>>>>

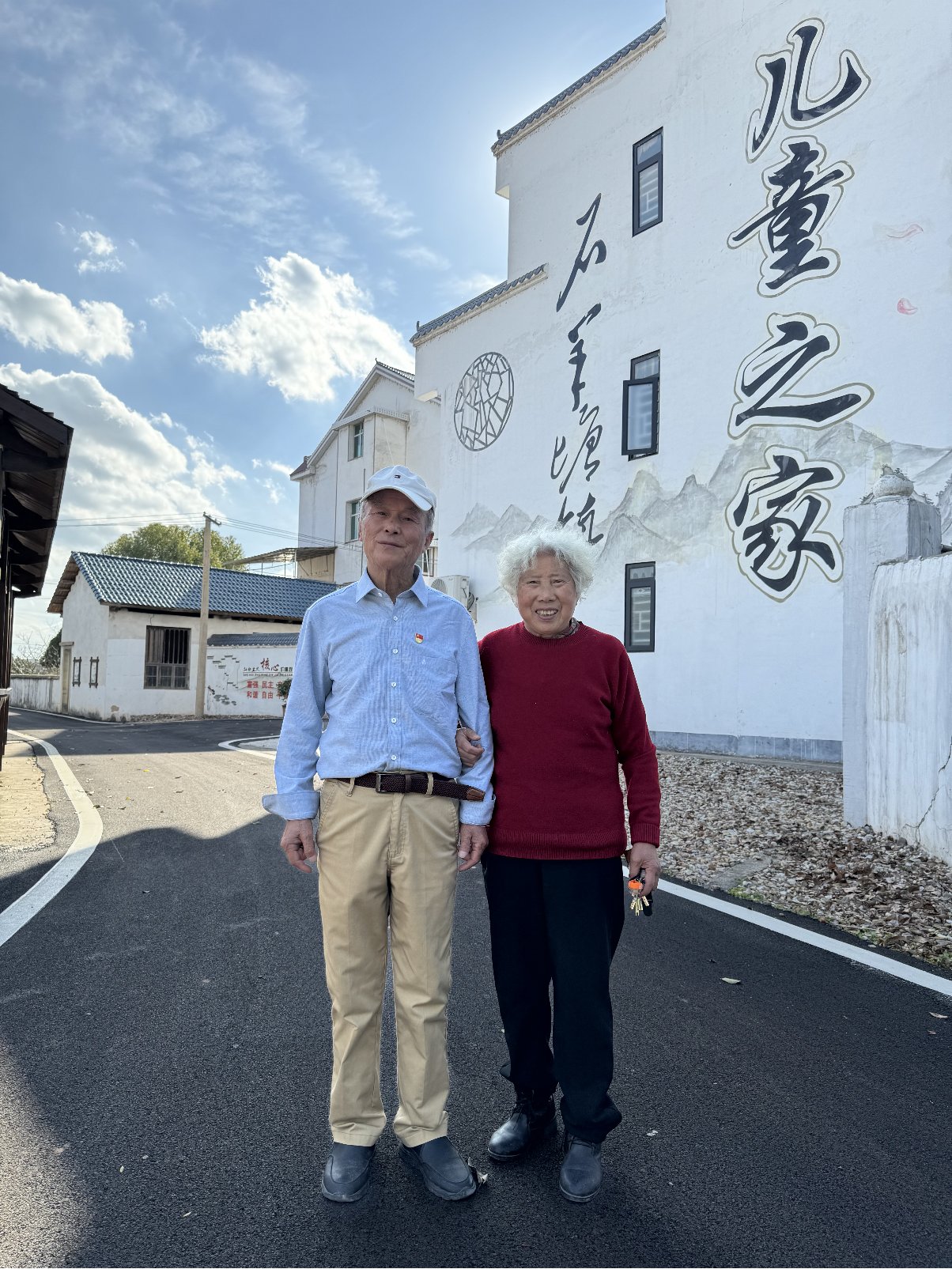 夏昭炎夫妇在石羊塘镇“儿童之家”前合影
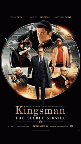 Official movie poster for Kingsman: The Secret Service, featuring a man in a suit within a circular emblem.
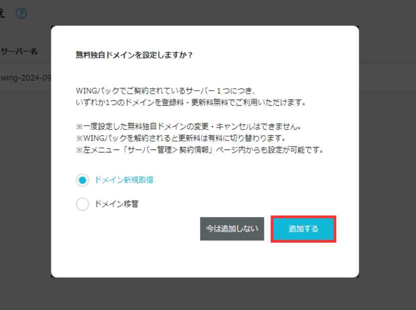 なお、WINGパックで契約することで無料独自ドメインを新規取得できますよ。
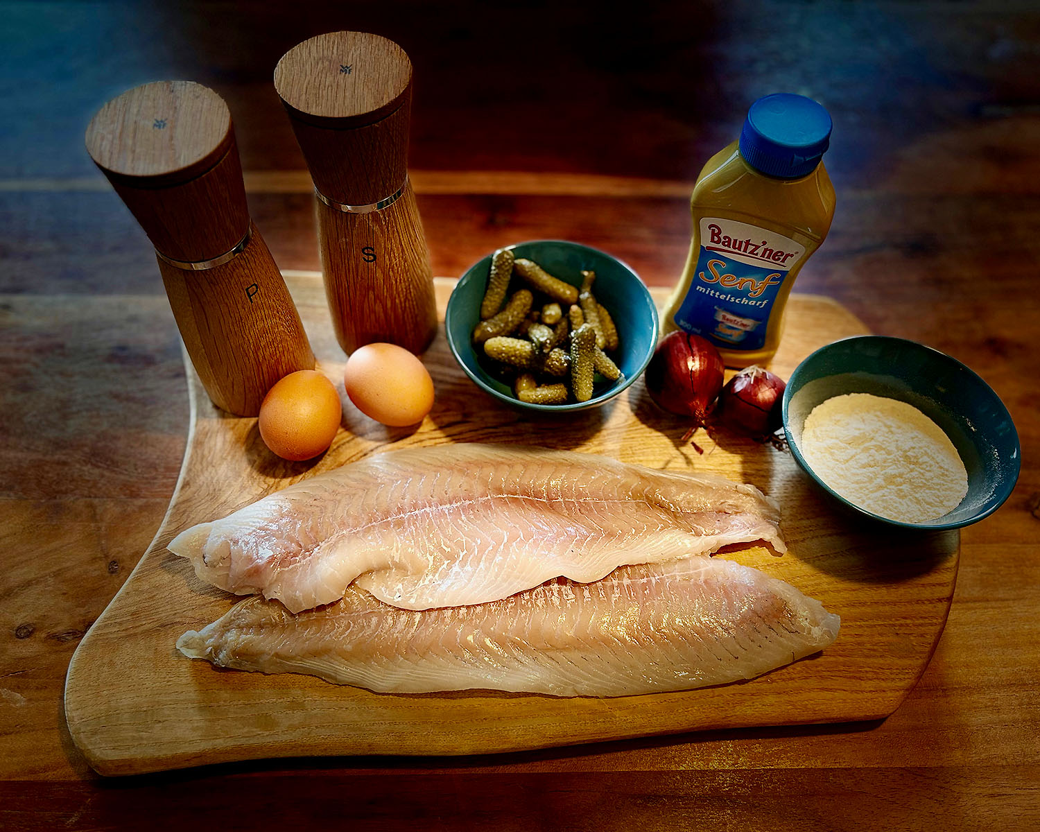 Zuerst die Gurken und die Zwiebel in sehr kleine Würfel schneiden und gut vermischen. Anschließend die Fischfilets etwas mit Salz und Pfeffer würzen und in Mehl wenden. Eine Seite dünn mit Senf bestreichen und anschließend noch einmal in Mehl wenden. Dann in die Gurken-Zwiebel-Panade tauchen und fest andrücken. Anschließen im gequirlten Ei wälzen.
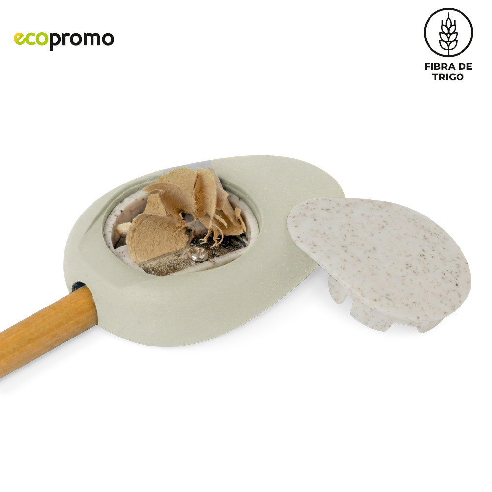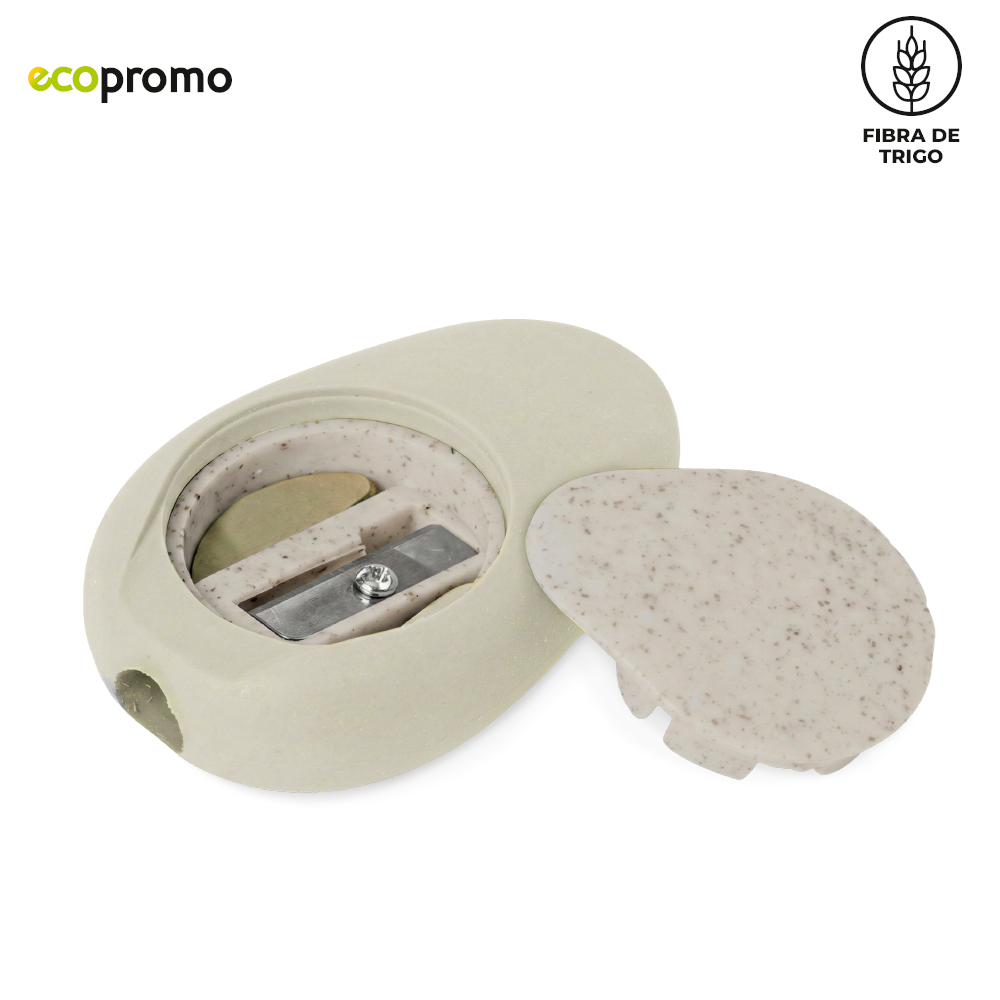 Tajalápiz en fibra de trigo con borrador. Mezcla con material ecológico en fibra de trigo (50%-60% aprox). El porcentaje de material ecológico tiene un promedio de biodegradabilidad de 2-3 años después del fin de su vida útil.Medidas: 6 cm x 4 cm x 2 cm.Marca: 1.5 cm / Tampografía.

<<<<

§ TASK TO COMPLETE: Nothing but the lines from the line containing "なお、WINGパックで契約することで無料独自ドメインを新規取得できますよ。" through the last line of the material may be output, and they must be copied exactly, without pictures.

§ SOLUTION TO THE PROBLEM:
 なお、WINGパックで契約することで無料独自ドメインを新規取得できますよ。
 Zuerst die Gurken und die Zwiebel in sehr kleine Würfel schneiden und gut vermischen. Anschließend die Fischfilets etwas mit Salz und Pfeffer würzen und in Mehl wenden. Eine Seite dünn mit Senf bestreichen und anschließend noch einmal in Mehl wenden. Dann in die Gurken-Zwiebel-Panade tauchen und fest andrücken. Anschließen im gequirlten Ei wälzen.
 Tajalápiz en fibra de trigo con borrador. Mezcla con material ecológico en fibra de trigo (50%-60% aprox). El porcentaje de material ecológico tiene un promedio de biodegradabilidad de 2-3 años después del fin de su vida útil.Medidas: 6 cm x 4 cm x 2 cm.Marca: 1.5 cm / Tampografía.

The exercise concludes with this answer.